Emma Stone and Andrew Garfield star in Columbia Pictures' The Amazing Spider-Man. PHOTO BY: Jaimie Trueblood COPYRIGHT: ©2011 Columbia Pictures Industries, Inc. All Rights Reserved.
Emma Stone and Andrew Garfield in a tender moment.


Also, The Amazing Spider-Man has a huge studio machine behind it. We had support from everyone, and that was great.

Staying fresh and seeing the movie with new eyes every time was challenging. We were reviewing it over and over again for almost one-and-a-half years, often judging sequences before they were complete. Some of these action sequences were simple animatics, so I could tell the action is going to be cool, but it looked like a cartoon. You watch this with sound effects and hope it'll look good but you don't know until you're down to the wire because it takes so long. As an editor, you can become concerned and lose perspective if you aren't careful.

Sony Imageworks did an amazing job on the VFX especially when you realize that so much of the movie came in in the last month. Fortunately for us, Jerome Chen had a great team working for him so not only were they able to give us early animatics, but he was able to consult with us. He took ideas that Marc Webb and the pre-vis artists came up with and turned them into 3D pre-vis sequences. I would cut and recut those and I ended up with a huge library of different pre-vis sequences. I would sometimes cobble them together to create new sequences that they wanted to look at and get the pre-vis artist to fill the holes and throw in a title card about what Spider-Man or Lizard was doing. Then we'd build off of that. Mostly, at those stages, I would be experimenting to see if the sequence is going to work in its entirety. Jerome had his office right behind mine and he's very collaborative and had great ideas.


Andrew Garfield stars as Spider-Man in Columbia Pictures' The Amazing Spider-man, also starring Emma Stone. PHOTO BY: Jaimie Trueblood COPYRIGHT: © 2012 Columbia Pictures Industries, Inc. All Rights Reserved.
Peter Parker synthesizes his "web" fluid.


Andrew Garfield stars as Spider-Man in Columbia Pictures' The Amazing Spider-man, also starring Emma Stone. PHOTO BY: Courtesy of CTMG./ImageMagick COPYRIGHT: © 2012 Columbia Pictures Industries, Inc. All Rights Reserved.
And here, Spider-Man's web fluid in action. Courtesy of CTMG./ImageMagick


I cut The Amazing Spider-Man with Avid on a Mac, but I've always been somewhat platform agnostic. One of my earliest computers was a Commodore 64 and I've always owned several Macs and Windows systems. I tend to be leaning towards Windows more these days however. I'm not a big 3D animator, but I use Cinema 4D and iClone to do some pre-vis work. A good example of that is when the beer bottle is placed onto Peter Parker's forehead, and we see this drip go down the bottle onto the bridge of his nose. It wasn't originally shot that way. There was always going to be a beer bottle, but pushing into the extreme close-up of the drip was an idea that I explored using Cinema 4D and Fusion. Fusion runs on Windows or Linux only and Cinema 4D is much more responsive running in Windows not to mention iClone, another piece of software I use often to whip up quick previs shots only runs on Windows.

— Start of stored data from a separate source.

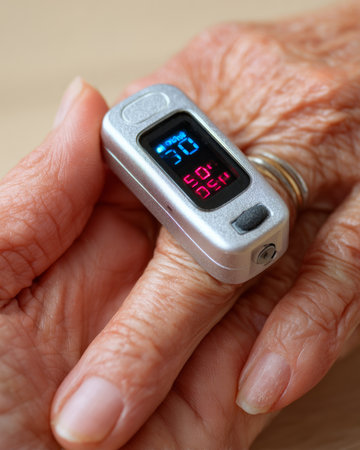 Close-up of a nurse using a pulse oximeter on an elderly patient's finger, measuring blood oxygen levels
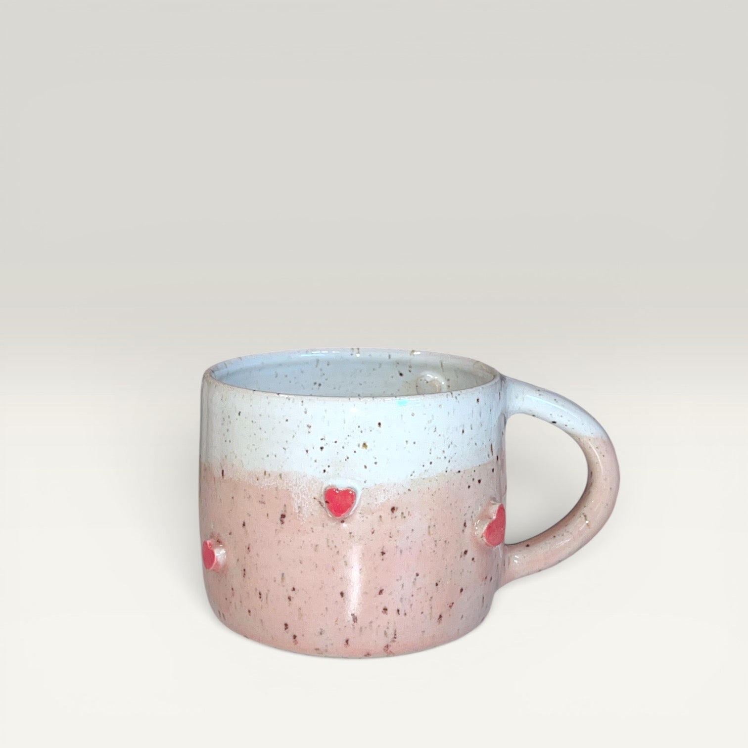 Dette håndlavede keramikkrus er dekoreret med små hjerter på ydersiden, der giver kruset et legende og kærligt udtryk. Den bløde, organiske form er kombineret med de dekorative hjertedetaljer, der skaber et spil af tekstur og relief.
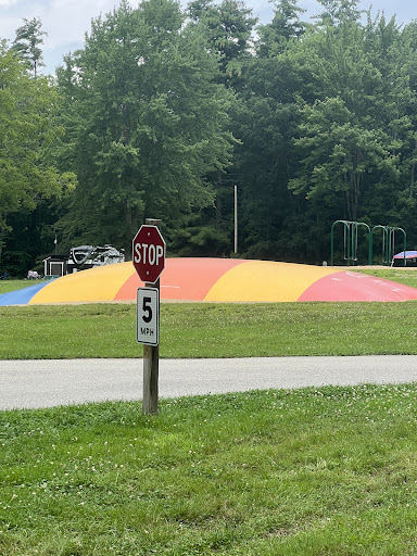 nice playground and rec hall. Grands loved the jumping pillow. Nice recreation area w/ everything centrally located in a giant area in middle of campground, adjacent to the pool, bathhouse, & rec hall. Lots of yard games - horseshoes, badminton, giant connect four game, a mining area for kids with water for sluicing to find treasures in sand, NOTE: the bags of sand were very very expensive. Order some from Walmart & bring them with you. The pool is big, has a diving board, plenty of chairs, & lots of pool toys. within 35 minutes to Portland and 20 minutes to Kennebunk. The town itself is adorable. Walmart /other stores 7 miles away. the office & camp store closes at 4 pm but they allow people to take ice & wood & put the money in a box. buildings are very clean. The bathrooms are nice and bright. Rec hall has lots to do in it for people of all ages. nice to have a dog run nice, clean laundry room! You must download app to use the machines. See note about internet above. Price was much cheaper than other campgrounds nearby.
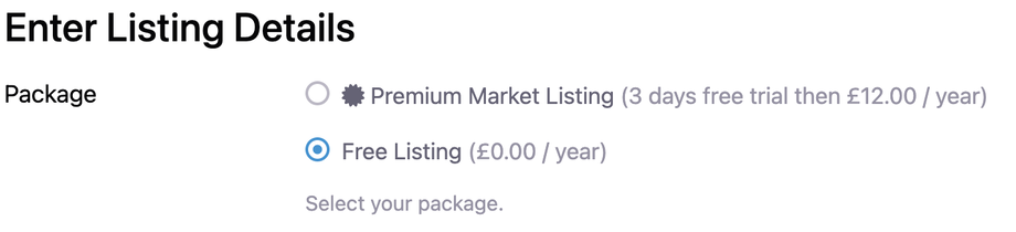 When you begin to add your listing, it will ask you which 'PACKAGE' you would like to use for this market listing.
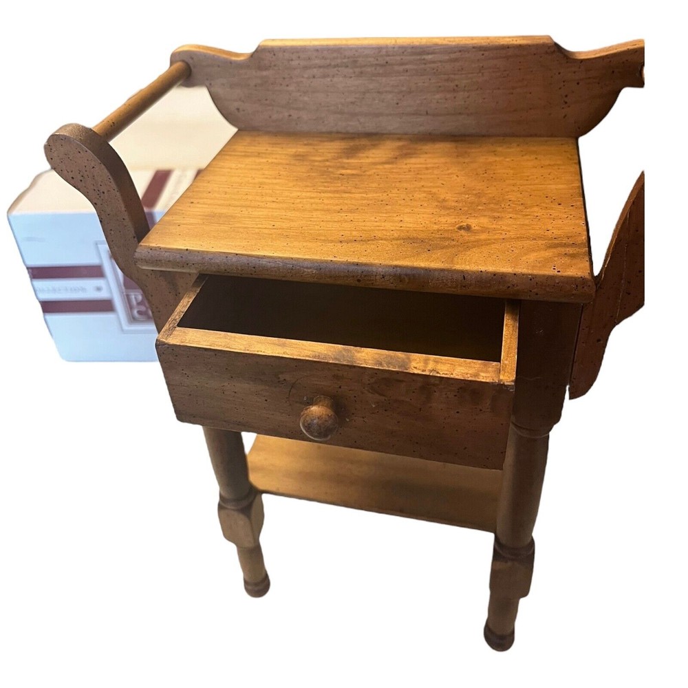 You Are Looking To Buy: American Girl Bedroom Furniture ADDY WASHSTAND Nightstand Dresser & Drawer - Great Vintage Condition In Original Pleasant Company Box! Details: Addy’s Washstand was introduced to Addy’s Collection in 1993 and retired in 2008 with Addy’s archival. Your Girl Can Set Up Her Doll For Bed With Addy’s Washstand With Functional Drawer For Addy’s Things Wooden washstand. Speckled finish. Towel bars on either side to hang washcloth. Functional drawer with circle knob. Lower shelf. Size: 11" High x 7.5" Wide x 4" Deep. Fits All 18"American Girl & Other 18" Dolls Great Condition In Pleasant Company Box - Box show wear consistent with age. Great Gift for Him or Her - or For Yourself! Thank You! We will ship your order immediately upon receipt of payment. For your convenience, we do combine shipping and often discounts on multiple item orders to same address. Please Come Back To Shop And Buy Again! ni

Rhys Ifans in Columbia Pictures' The Amazing Spider-Man, starring Andrew Garfield. PHOTO BY:	Jaimie Trueblood COPYRIGHT: © 2011 Columbia Pictures Industries, Inc. All Rights Reserved.
Rhys Ifans portrays Dr. Curt Connors, who sends his message to the world.

Rhys Ifans in Columbia Pictures' The Amazing Spider-Man, starring Andrew Garfield. PHOTO BY: Jaimie Trueblood COPYRIGHT: © 2011 Columbia Pictures Industries, Inc. All Rights Reserved.
Dr. Curt Connors is a tragic figure seeking to not only regenerate his own amputated limb, but to make humanity at large more perfect. Here, he is struggling for his own life.


It's too bad that Apple seems to have forgotten the needs of the professional user in favor of telephones. I'll keep buying Mac laptops for the home because they're super-thin and lightweight. But I'm looking for desktops that work really well, and laptops that replace desktops. You can buy a Windows gaming machine and it blows away any Apple laptop. It may be huge and weigh tons, but for my software, it's really good. I need lots of RAM. My laptop has 32 GB of RAM and there is no Mac version of that.

Going into The Amazing Spider-Man, I knew it was one of the biggest movies of my career. What I learned was whether it's a huge movie or a small movie, the thing that makes films great are pretty much the same: good story and great character connectivity. Action scenes are actually the easier part to make exciting, despite the large amount of footage. But plot, characters, pacing are the same whether the film is big or small.

I went into the film with an open mind and I knew it would be hard. We did work 16-hour days, seven days a week month after month. Fortunately there's always a light at the end of the tunnel with a release date. Collaboration on a movie like this is what I really found rewarding. Expectations were high, of course, but overall I think everyone was pleased. I'm very proud of the movie...and incredibly happy to have been a part of it.







 

Alan Edward Bell, Creative COW Magazine

Alan Edward Bell
Los Angeles, California USA


Alan Bell has 25 years of experience in the film industry. His credits include Water for Elephants and (500) Days of Summer. He will soon start work on The Hunger Games: Catching Fire. Alan lives in Los Angeles with his wife and two sons.




Thanks also to Debra Kaufman for coordination and additional editing on this piece.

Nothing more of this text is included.